Она послушно ела, пытаясь уложить все в голове.
– Правда, она слегка разумом повредилась после того, как эту ее… подружку… повесили. Вот. Думает, что как только я корону получу, так первым делом велю Стрежницкого казнить. Дура… все они не сильного ума… и Ветрицкий, помнишь, приезжал в прошлом году? Решил, что раз я годами мал, то буду плясать под его дудку. Ученические узы предлагал.
– А… что это? – заговаривать с Мишанькой, с этим новым, которого Дарья не знала, было слегка страшновато, но и молчать далее она не могла.
– Это… это, сестричка, древняя магия. Роды́ ж не просто так, у них своя сила, свое знание, которое лишь бы кому в руки не дастся. Вон матушка моя уж на что хитра была, если рассказам верить, а все равно не сумела про все дознаться. Узы нужны. Или кровные, или ученические. Только кровные тебя ни к чему не обяжут, а вот учителя ты должен будешь слушать, во всяком случае, пока он сам не решит, что твое ученичество закончено.
– А если не решит?
И по тому, как Мишанька улыбнулся, Дарья все поняла.

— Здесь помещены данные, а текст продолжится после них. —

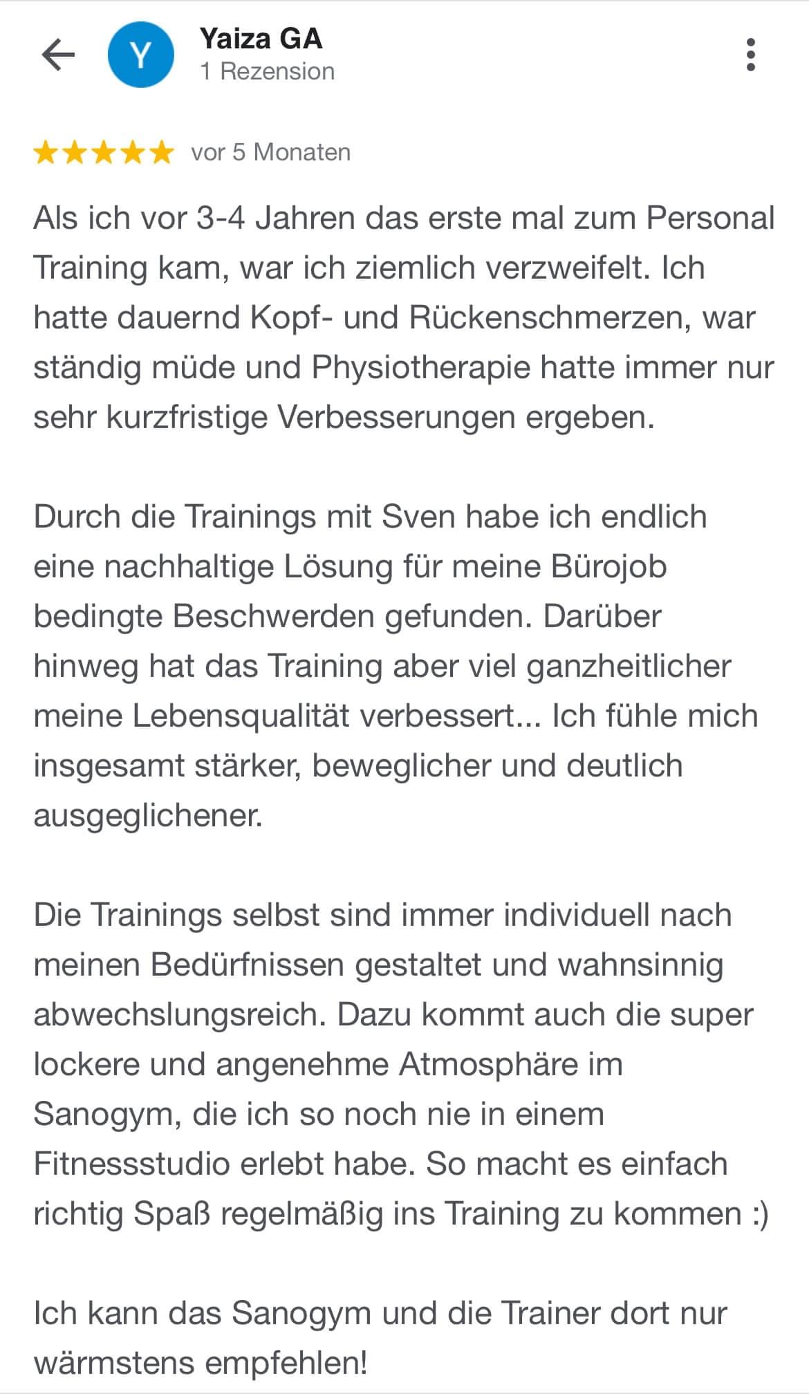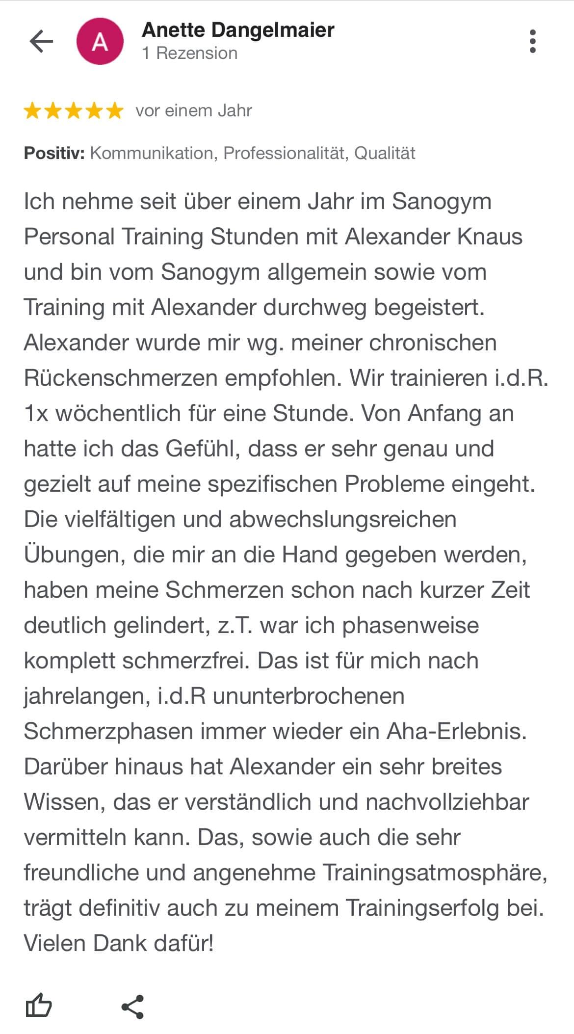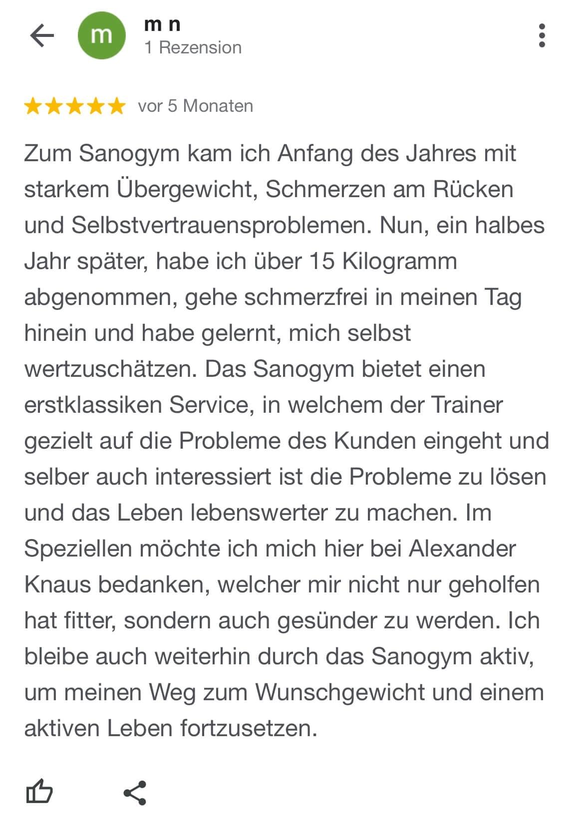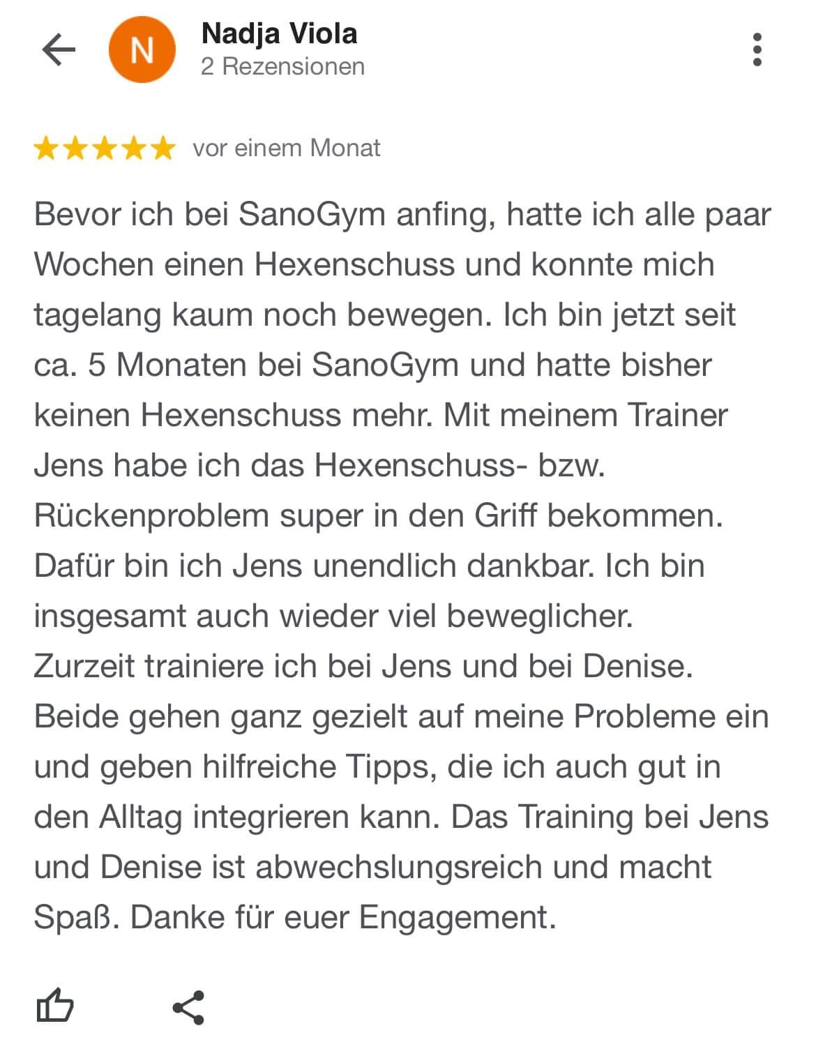 "Ich kann SanoGym jedem empfehlen, der ein orthopädisches Problem hat und seinen Körper mit Spaß und kompetenter Begleitung wieder regenerieren möchte. SanoGym hat mir selbst nach meinem Bandscheibenvorfall geholfen, meine Angst vor Schmerz zu überwinden und meinen Körper wieder selbst in die Hand zu nehmen."

– Ты сообразительная, не то что остальные. Вот увидишь, мы с тобой еще всем покажем. А пока слушай, что нужно делать…
Ничего-то особенного он не потребовал.
Слушать, о чем маменька с папенькой говорят. Правда, после и сам велел прекратить, потому как говорили они большей частью о делах совершенно неинтересных. О посевах или вот косьбе, о том, кому из деревенских помощь нужна и давать ли церкви на починку крыши или пускай сами, десятиной честной обходятся.
О маменькиных планах на ремонт гостиной.
Обоях. Зеркалах.
О мебели, которую она хотела выписывать, а папенька говорил, что глупости это все и лишние траты, вон Виталюшка не хуже режет, а то и лучше…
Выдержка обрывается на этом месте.